"""
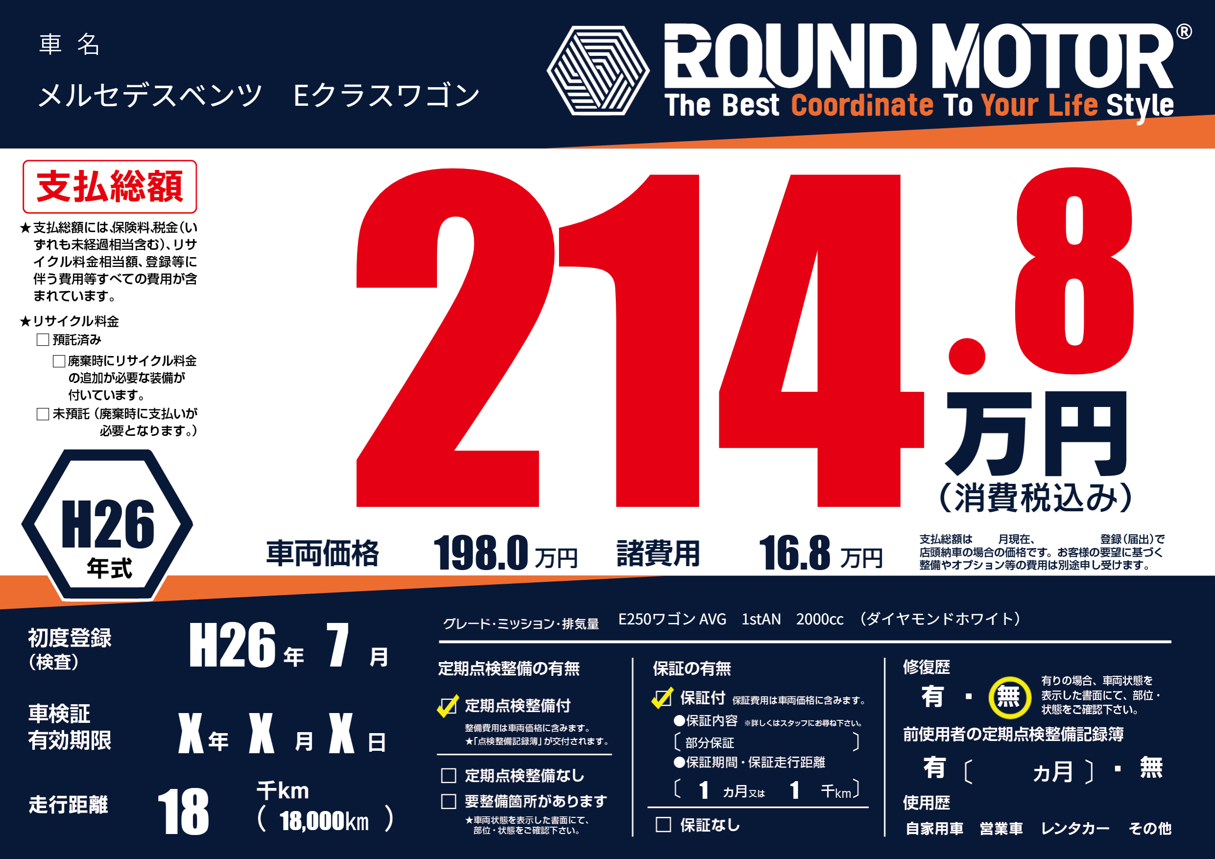 | 車名 | メルセデスベンツ Eクラスワゴン | グレード ミッション 排気量 |
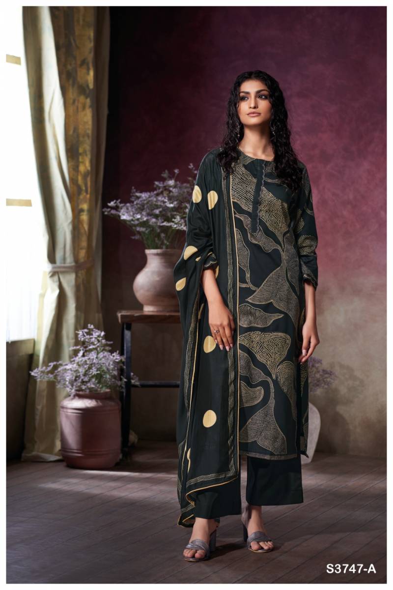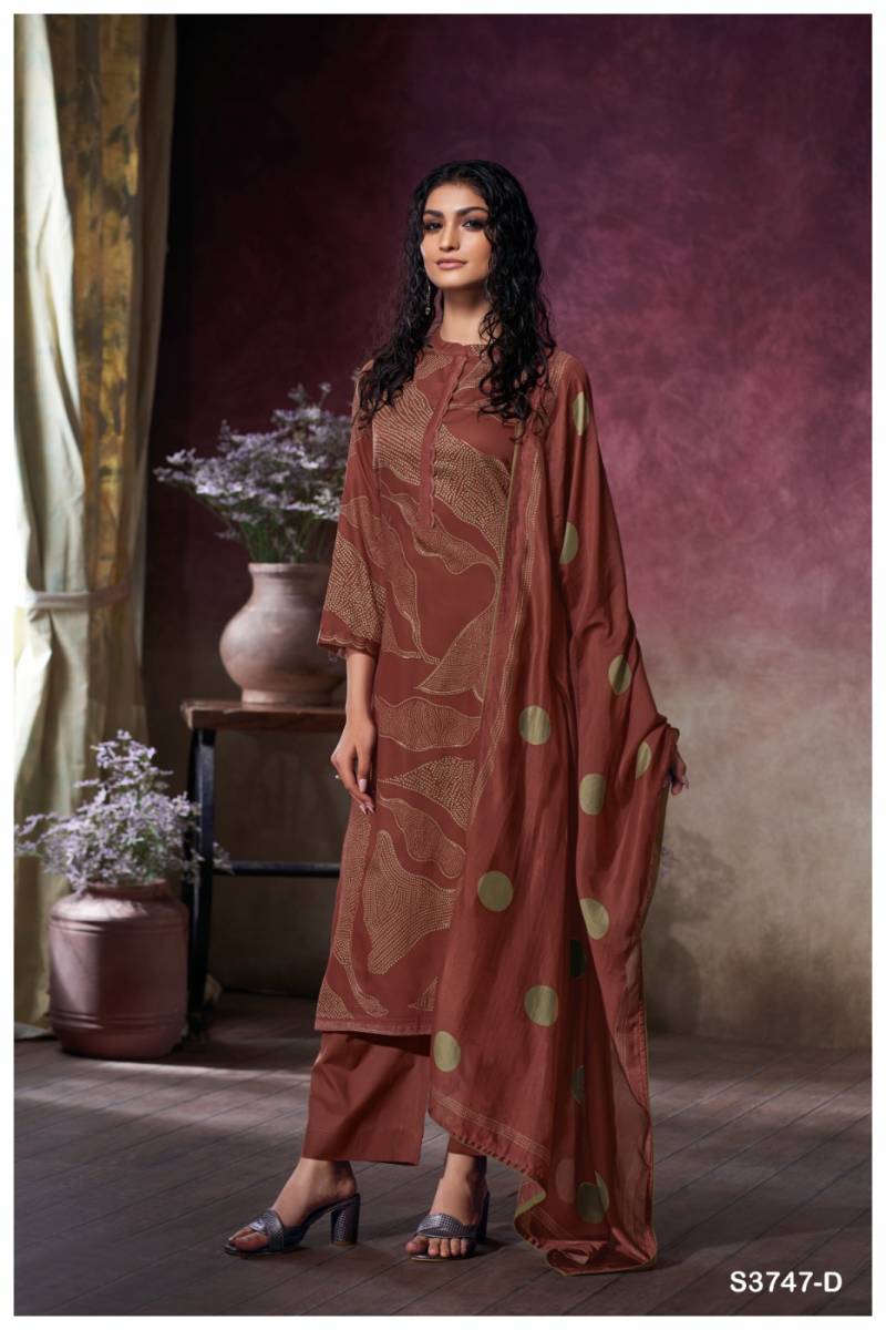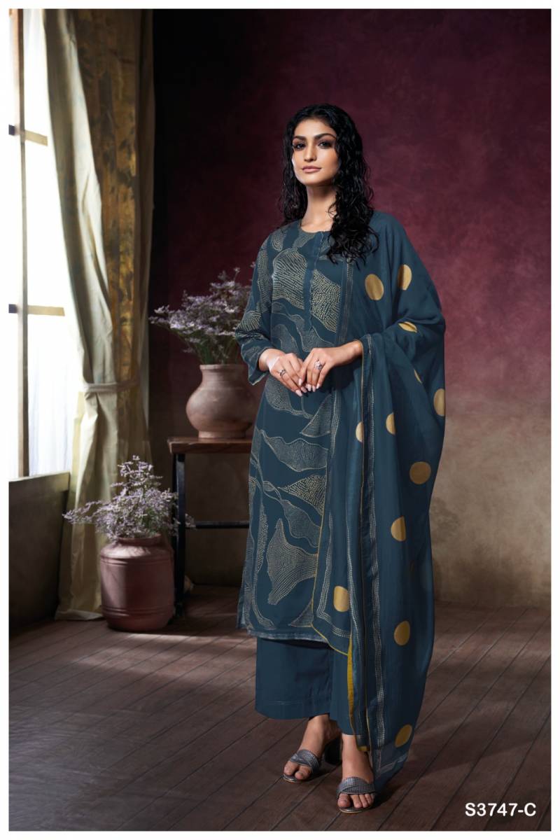 Buy Ganga Preska cotton satin designer salwar suits at wholesale rate.
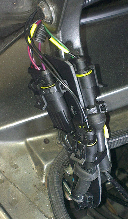 Da muss der Hauptkabelbaum auch aufgedröselt werden. Die Befestigung am Kofferraumdeckel hab ich entfernt. Jetzt geht es so halbwegs... 8-)
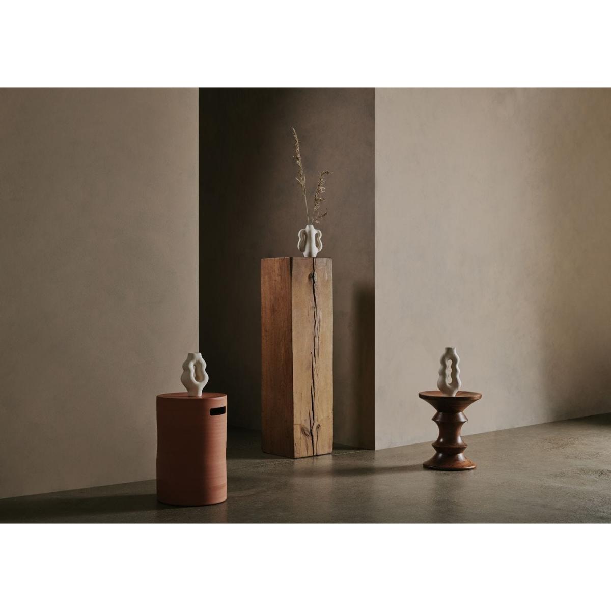 This Bethany clay vase carved by Annabel Cucuz is a herald of the rich ceramic history of her hometown. Growing up in Staffordshire, the heart of Britain’s pottery industry, it was a natural choice for her to use clay as the medium of her artistic sculptures. Entirely made by hand, the Bethany vase is inspired by organic shapes that makes it statement through its grand stature and wave shape. Brought to life in a magnolia colour reminiscent of chalk hills, this vase is an exquisite piece for any modern home
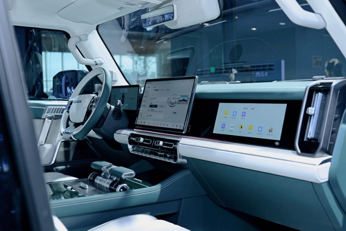 全車6塊大屏,科技感爆棚。10.25英寸儀表屏、 15.6英寸中控、W-HUD抬頭顯示、流媒體內后視鏡、后排控制屏等,前后排都可以自由控制座椅、空調、天窗遮陽簾等。飛航旋鈕,可以切換多種駕駛模式:標準/運動/AUTO/雪地/深雪/泥地/巖石/沙地/涉水——從這里也不難看出,猛士M817走過的路,是很多汽車到不了的遠方。
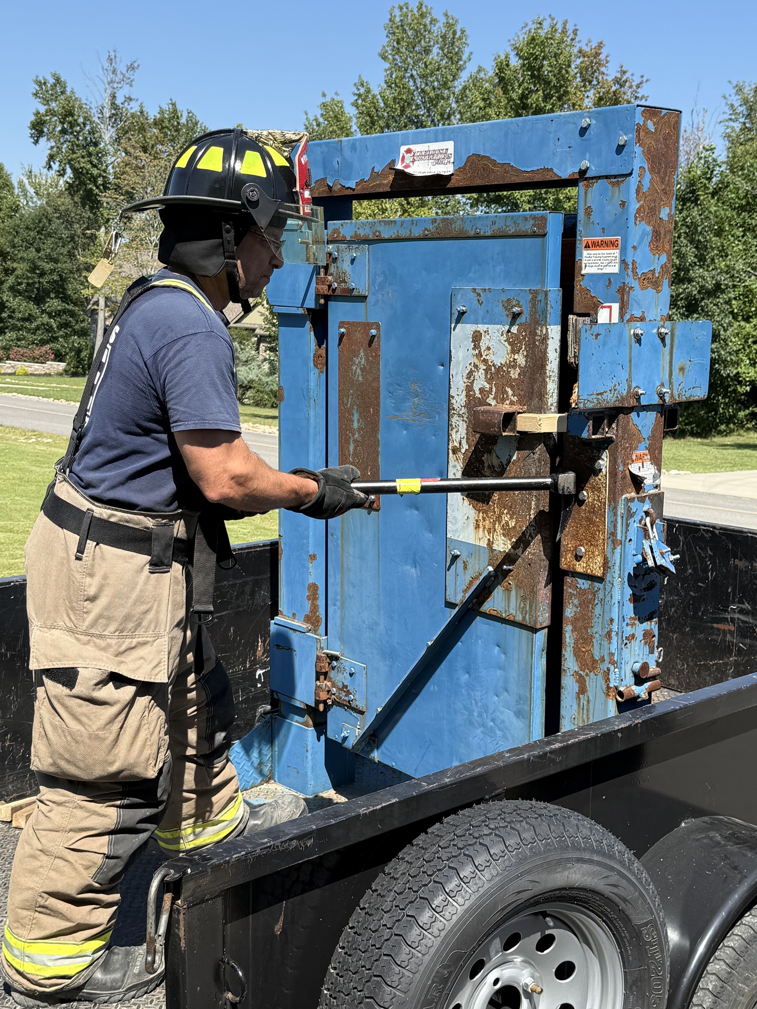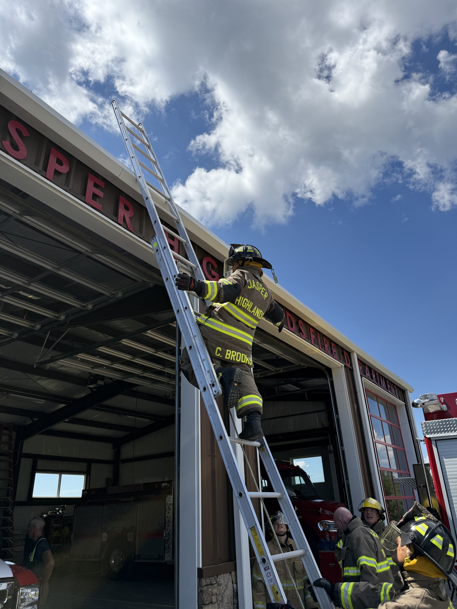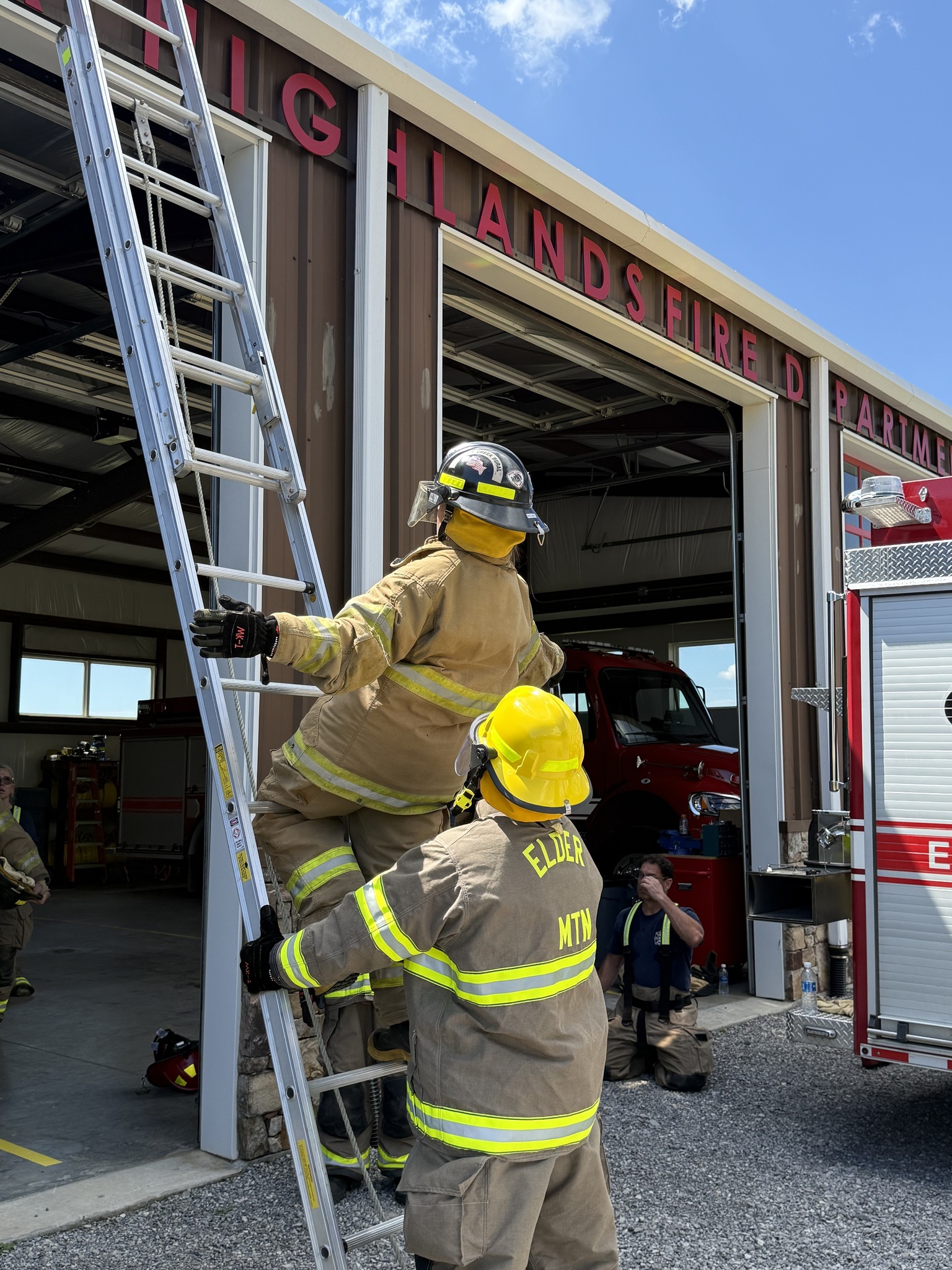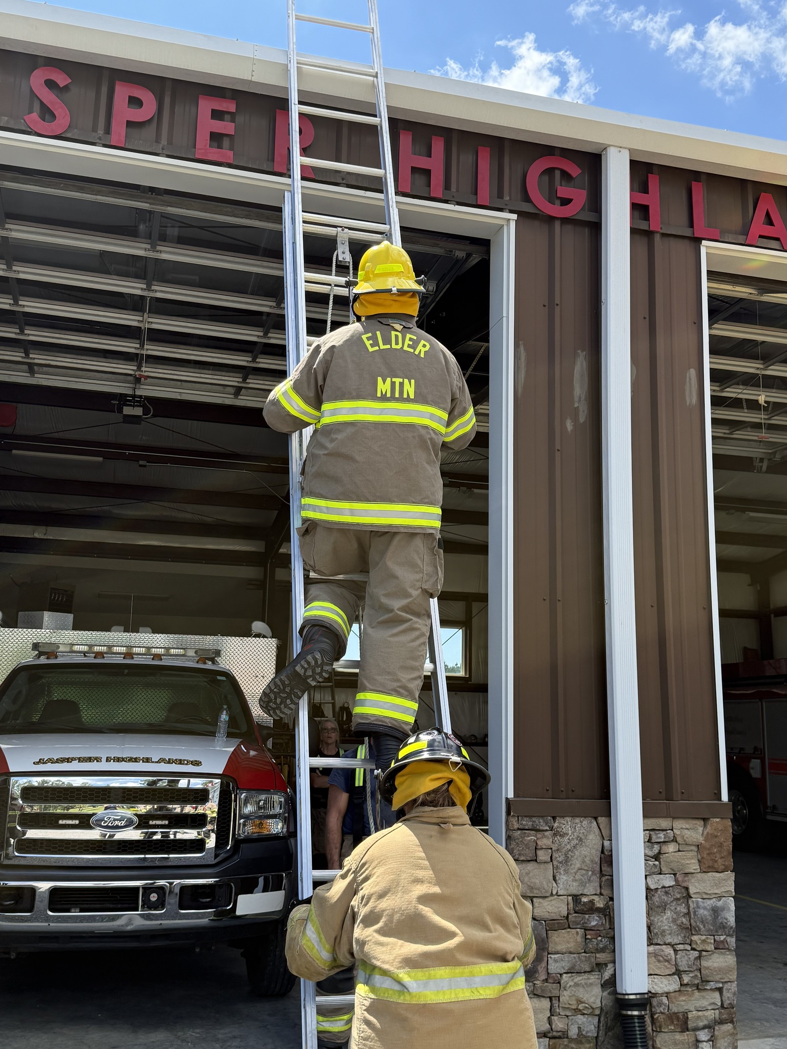 This morning’s training was a combined training session with our team and the 64-hour Intro to Firefighting class, with students from our team, Elder Mountain VFD and New Hope VFD. The morning started with a review of fire extinguishers followed by a practice session where we all extinguished a fire in our burn box. We then split into two groups with the first group doing door forcible entry training and the second group doing ladder training. Once each group completed a session, we rotated to complete the other training session. We finished a little later than usual, but the training was a valuable review for our experienced people, and a key training session for those in the 64-hour class that were exposed to these topics for the first time outside a classroom. We especially want to thank Captain Patrick Kellam and Chief Jody Clift from Hamilton County Fire Training for loaning us the forcible entry door tool. It was an outstanding training tool and we learned a lot with it. Thank you! Good job everyone!
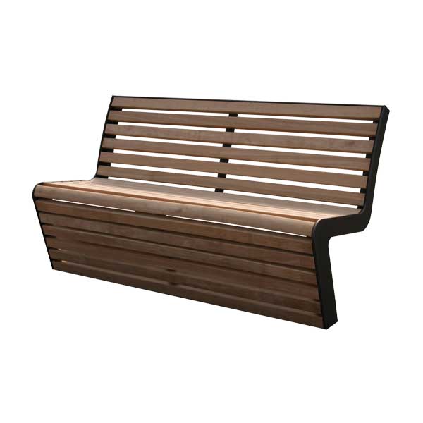 Het ontwerp van de bank met rugleuning en armleuningen is gebaseerd op de S-vorm. Hierdoor heeft de zitbank met rugleuning geen steunen aan de achterkant.
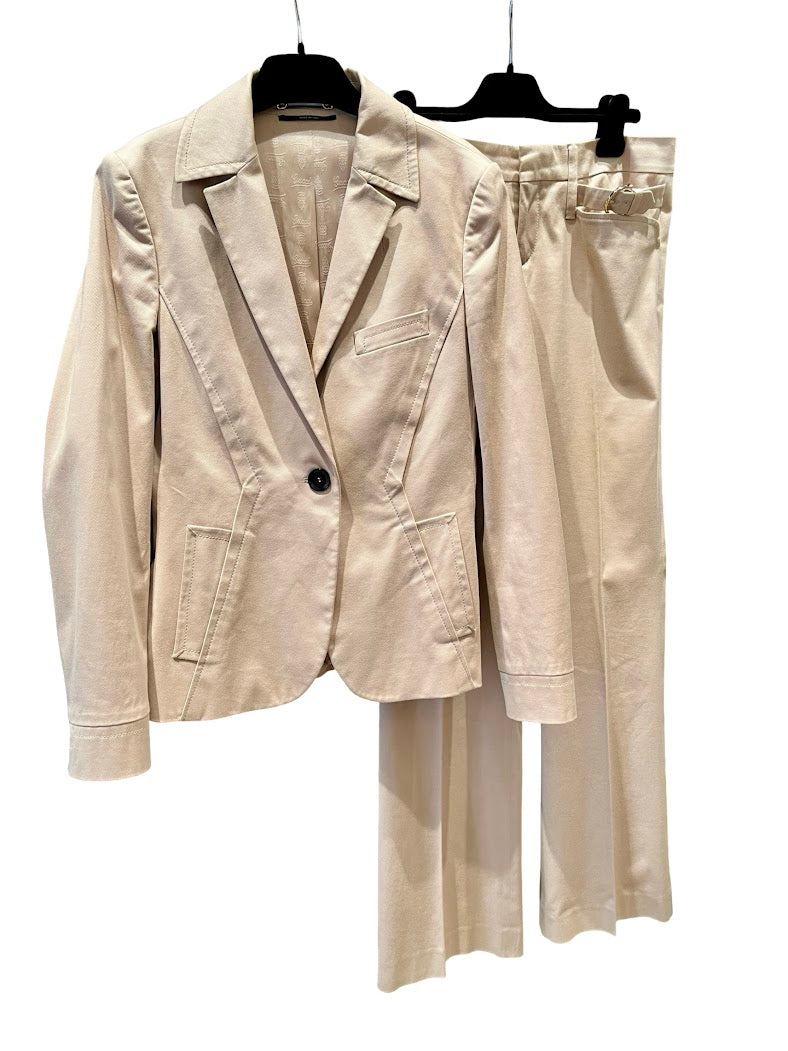 Dieser elegante Gucci Hosenanzug verbindet zeitlosen Chic mit hochwertiger Verarbeitung. Der Anzug in klassischem Beige besteht aus feiner Baumwolle und überzeugt durch seinen stilvollen, femininen Schnitt – ideal für Business, Events oder moderne Alltagslooks.
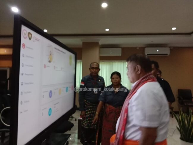 Launching ditandai dengan penekanan tombol pada layar oleh Penjabat Wali Kota Kupang didampingi pejabat yang hadir. (PKP_nit).
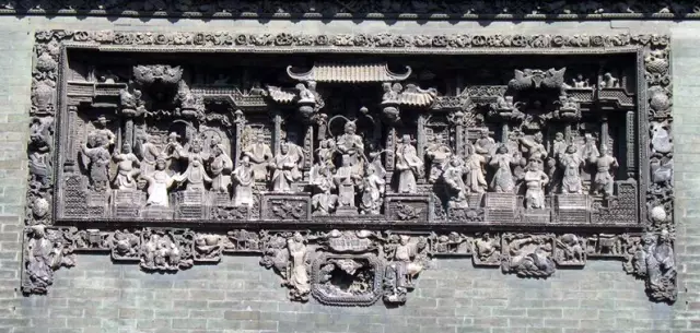 广东砖雕按技法分浅浮雕、高浮雕和透雕,按规模分组合砖雕(先单个注模,然后组合成一个完整的图案)和单块砖雕。组合砖雕一般用于墙头、柱头、照壁等大面积的装饰,大者需数百块砖雕组成。单块砖雕则常镶嵌于神龛边框或相饰、座饰等处。
"""
WORK TO BE COMPLETED:
Only the text is to be copied: please reproduce the records exactly and drop the pictures.

SOLUTION FOR THIS EXERCISE:
 | 車名 | メルセデスベンツ Eクラスワゴン | グレード ミッション 排気量 |
 Buy Ganga Preska cotton satin designer salwar suits at wholesale rate.
 Da muss der Hauptkabelbaum auch aufgedröselt werden. Die Befestigung am Kofferraumdeckel hab ich entfernt. Jetzt geht es so halbwegs... 8-)
 This Bethany clay vase carved by Annabel Cucuz is a herald of the rich ceramic history of her hometown. Growing up in Staffordshire, the heart of Britain’s pottery industry, it was a natural choice for her to use clay as the medium of her artistic sculptures. Entirely made by hand, the Bethany vase is inspired by organic shapes that makes it statement through its grand stature and wave shape. Brought to life in a magnolia colour reminiscent of chalk hills, this vase is an exquisite piece for any modern home
 全車6塊大屏,科技感爆棚。10.25英寸儀表屏、 15.6英寸中控、W-HUD抬頭顯示、流媒體內后視鏡、后排控制屏等,前后排都可以自由控制座椅、空調、天窗遮陽簾等。飛航旋鈕,可以切換多種駕駛模式:標準/運動/AUTO/雪地/深雪/泥地/巖石/沙地/涉水——從這里也不難看出,猛士M817走過的路,是很多汽車到不了的遠方。
 This morning’s training was a combined training session with our team and the 64-hour Intro to Firefighting class, with students from our team, Elder Mountain VFD and New Hope VFD. The morning started with a review of fire extinguishers followed by a practice session where we all extinguished a fire in our burn box. We then split into two groups with the first group doing door forcible entry training and the second group doing ladder training. Once each group completed a session, we rotated to complete the other training session. We finished a little later than usual, but the training was a valuable review for our experienced people, and a key training session for those in the 64-hour class that were exposed to these topics for the first time outside a classroom. We especially want to thank Captain Patrick Kellam and Chief Jody Clift from Hamilton County Fire Training for loaning us the forcible entry door tool. It was an outstanding training tool and we learned a lot with it. Thank you! Good job everyone!
 Het ontwerp van de bank met rugleuning en armleuningen is gebaseerd op de S-vorm. Hierdoor heeft de zitbank met rugleuning geen steunen aan de achterkant.
 Dieser elegante Gucci Hosenanzug verbindet zeitlosen Chic mit hochwertiger Verarbeitung. Der Anzug in klassischem Beige besteht aus feiner Baumwolle und überzeugt durch seinen stilvollen, femininen Schnitt – ideal für Business, Events oder moderne Alltagslooks.
 Launching ditandai dengan penekanan tombol pada layar oleh Penjabat Wali Kota Kupang didampingi pejabat yang hadir. (PKP_nit).
 广东砖雕按技法分浅浮雕、高浮雕和透雕,按规模分组合砖雕(先单个注模,然后组合成一个完整的图案)和单块砖雕。组合砖雕一般用于墙头、柱头、照壁等大面积的装饰,大者需数百块砖雕组成。单块砖雕则常镶嵌于神龛边框或相饰、座饰等处。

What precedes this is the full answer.